ENABLE-App-Based Digital Capture and Intervention of Patient-Reported Quality of Life, Adverse Events, and Treatment Satisfaction in Breast Cancer: Protocol for a Randomized Controlled Trial
- PMID: 40418799
- PMCID: PMC12149771
- DOI: 10.2196/69855
ENABLE-App-Based Digital Capture and Intervention of Patient-Reported Quality of Life, Adverse Events, and Treatment Satisfaction in Breast Cancer: Protocol for a Randomized Controlled Trial
Erratum in
-
Correction: ENABLE-App-Based Digital Capture and Intervention of Patient-Reported Quality of Life, Adverse Events, and Treatment Satisfaction in Breast Cancer: Protocol for a Randomized Controlled Trial.JMIR Res Protoc. 2025 Jun 11;14:e78781. doi: 10.2196/78781. JMIR Res Protoc. 2025. PMID: 40499153 Free PMC article.
Abstract
Background: In recent years, breast cancer treatment has taken the path toward personalized medicine. Based on individual tumor biology, therapy tailored to the particular subtype of cancer is increasingly being used. The aim here is to find the most suitable therapy for the disease. However, the success of therapy depends to a large extent on the patient's adherence to treatment. This, in turn, depends on how the therapy is tolerated and how the treatment team cares for the patient. Patient-centered care seeks to identify and address the individual needs of each patient and to find the best form of care for that person.
Objective: In order to improve comprehensive oncological care of patients with breast cancer, the ENABLE trial digitally recorded the health-related quality of life (HRQoL), adverse events (AEs), and patient satisfaction using a mobile smartphone app. The trial provided individualized responses to reported AEs and offered assistance. Additionally, it assessed the impact of a patient-reported outcome-based intervention across various therapy settings.
Methods: Patients with breast cancer were eligible to participate in the study before neoadjuvant, adjuvant, postneoadjuvant, or palliative systemic therapy against breast cancer was initiated at the Heidelberg, Mannheim, and Tuebingen, Germany, university hospitals. After 1:1 randomization into an intervention and a control group, HRQoL assessments were performed at six fixed time points during the therapy using validated questionnaires. In the intervention group, HRQoL was also assessed briefly every week using a visual analog scale (EQ-VAS). In cases of significant deterioration, therapy-associated side effects were assessed in a graduated manner, recommendations were sent to the patient, and the treatment team was informed. Additionally, the app served as an "eHealth companion" for education, training, and organizational support during therapy.

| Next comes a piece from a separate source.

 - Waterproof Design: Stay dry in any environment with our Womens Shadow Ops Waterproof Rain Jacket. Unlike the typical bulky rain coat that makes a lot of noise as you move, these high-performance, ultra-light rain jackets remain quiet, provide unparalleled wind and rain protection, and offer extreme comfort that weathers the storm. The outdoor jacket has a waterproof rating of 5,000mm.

Results: Recruitment started in March 2021; follow-up was completed in February 2024. In total, 606 patients were enrolled, and 592 patients participated in the study. Enrollment was completed in September 2023, and the last visit was in February 2024. The first results are expected to be published in Q2 2025.
Conclusions: Participation in the intervention group is expected to improve treatment satisfaction, adherence, detection, and timely treatment of critical AEs. The close-meshed, weekly, brief HRQoL assessment will also be tested as a screening tool to detect relevant side effects during therapy. The study offers a more objective HRQoL assessment across treatment strategies.

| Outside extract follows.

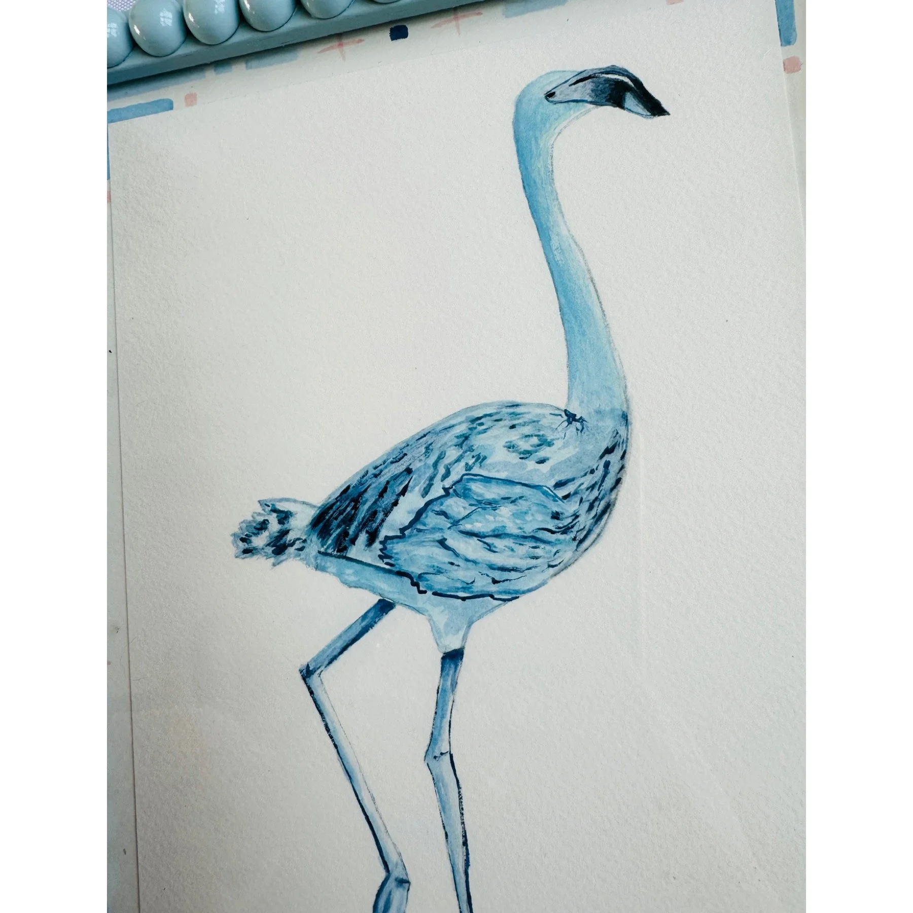 Watercolor on cold-pressed watercolor paper, framed in a glossy, blue bobbin frame.
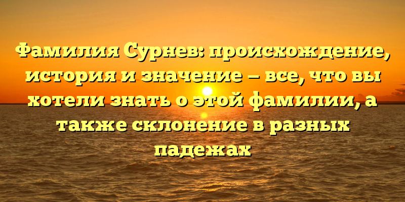 В данной статье мы расскажем о том, как возникла фамилия Сурнев, какие исторические события связаны с этой фамилией, а также о том, как склоняется эта фамилия в различных падежах русского языка. Если вы хотели узнать все о фамилии Сурнев — этот материал будет интересен для вас.

Trial registration: Deutsches Register Klinischer Studien DRKS00025611; https://drks.de/search/en/trial/DRKS00025611.
International registered report identifier (irrid): DERR1-10.2196/69855.

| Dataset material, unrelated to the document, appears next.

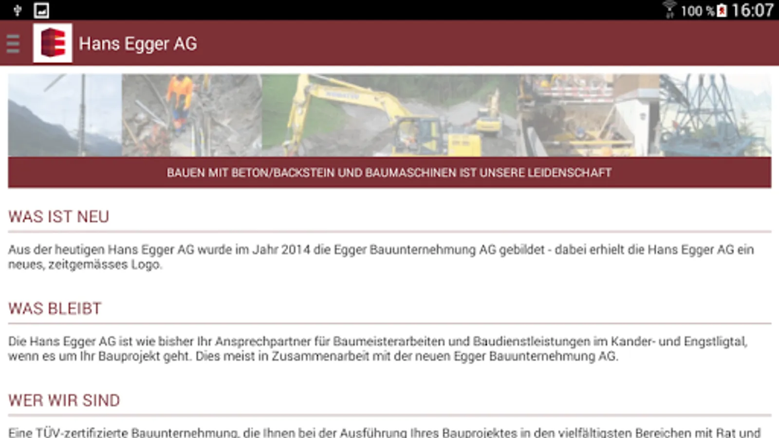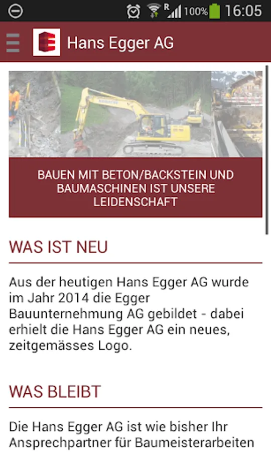 The app for the Hans Egger AG - construction company. Stay in touch with us.

Keywords: HRQoL; breast cancer; eHealth apps; ePRO; electronic patient-reported outcomes; health-related quality of life.
©Thomas M Deutsch, Léa L Volmer, Manuel Feisst, Laura Bodenbeck, Kathrin Hassdenteufel, Lara Tretschock, Christiane Breit, Stefan Stefanovic, Armin Bauer, Carolin Anders, Lina Weinert, Tobias Engler, Andreas D Hartkopf, Nico Pfeifer, Pascal Escher, Marc Mausch, Oliver Heinze, Marc Suetterlin, Sara Y Brucker, Andreas Schneeweiss, Markus Wallwiener. Originally published in JMIR Research Protocols (https://www.researchprotocols.org), 26.05.2025.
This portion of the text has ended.